═══ Available data
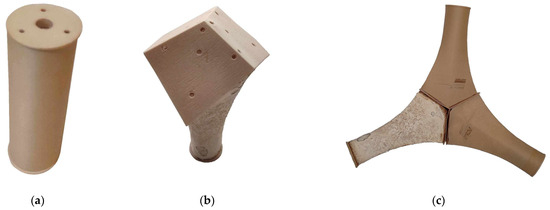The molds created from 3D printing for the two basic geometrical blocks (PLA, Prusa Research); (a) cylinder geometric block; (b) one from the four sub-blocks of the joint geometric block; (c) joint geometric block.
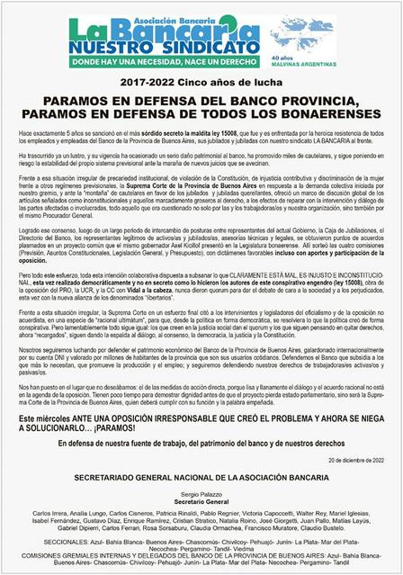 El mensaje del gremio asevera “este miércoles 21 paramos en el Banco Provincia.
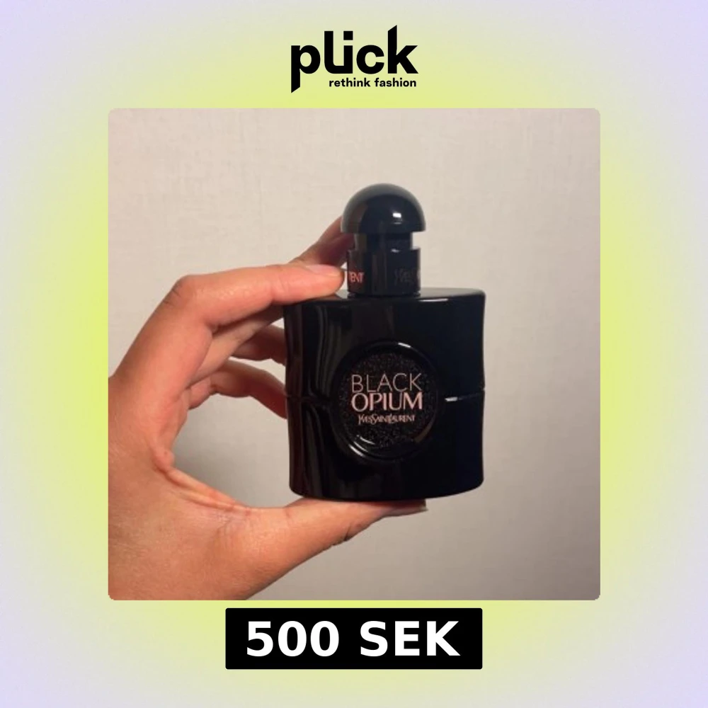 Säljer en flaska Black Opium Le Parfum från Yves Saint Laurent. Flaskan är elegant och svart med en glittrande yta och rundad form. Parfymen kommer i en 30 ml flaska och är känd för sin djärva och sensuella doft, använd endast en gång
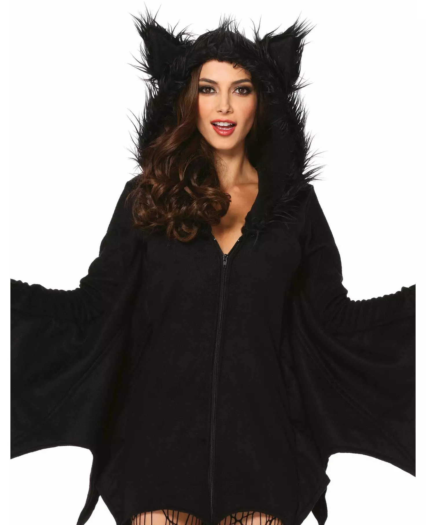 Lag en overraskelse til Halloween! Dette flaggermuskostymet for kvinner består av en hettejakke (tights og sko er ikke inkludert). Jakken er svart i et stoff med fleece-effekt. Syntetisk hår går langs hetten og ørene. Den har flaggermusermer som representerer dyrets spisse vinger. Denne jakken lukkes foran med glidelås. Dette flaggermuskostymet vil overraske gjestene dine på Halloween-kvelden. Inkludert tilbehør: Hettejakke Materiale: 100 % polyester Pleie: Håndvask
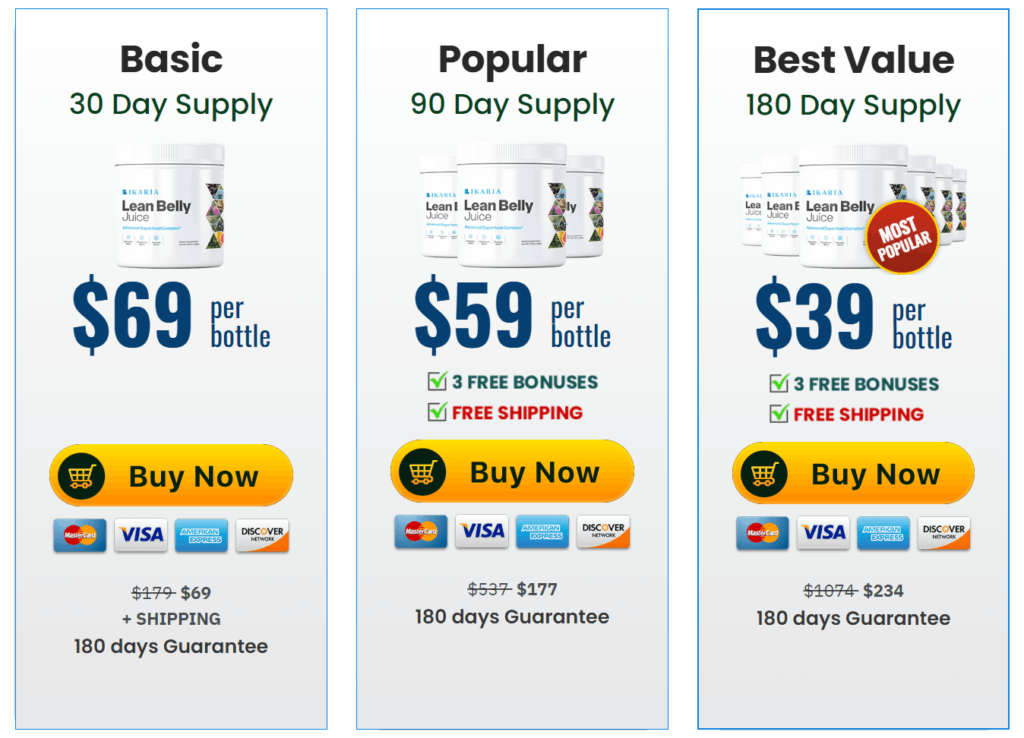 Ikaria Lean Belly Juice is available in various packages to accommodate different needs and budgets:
══════
A faithful copy of every record is needed here. Leave the images out of it.

Worked solution.
The molds created from 3D printing for the two basic geometrical blocks (PLA, Prusa Research); (a) cylinder geometric block; (b) one from the four sub-blocks of the joint geometric block; (c) joint geometric block.
 El mensaje del gremio asevera “este miércoles 21 paramos en el Banco Provincia.
 Säljer en flaska Black Opium Le Parfum från Yves Saint Laurent. Flaskan är elegant och svart med en glittrande yta och rundad form. Parfymen kommer i en 30 ml flaska och är känd för sin djärva och sensuella doft, använd endast en gång
 Lag en overraskelse til Halloween! Dette flaggermuskostymet for kvinner består av en hettejakke (tights og sko er ikke inkludert). Jakken er svart i et stoff med fleece-effekt. Syntetisk hår går langs hetten og ørene. Den har flaggermusermer som representerer dyrets spisse vinger. Denne jakken lukkes foran med glidelås. Dette flaggermuskostymet vil overraske gjestene dine på Halloween-kvelden. Inkludert tilbehør: Hettejakke Materiale: 100 % polyester Pleie: Håndvask
 Ikaria Lean Belly Juice is available in various packages to accommodate different needs and budgets:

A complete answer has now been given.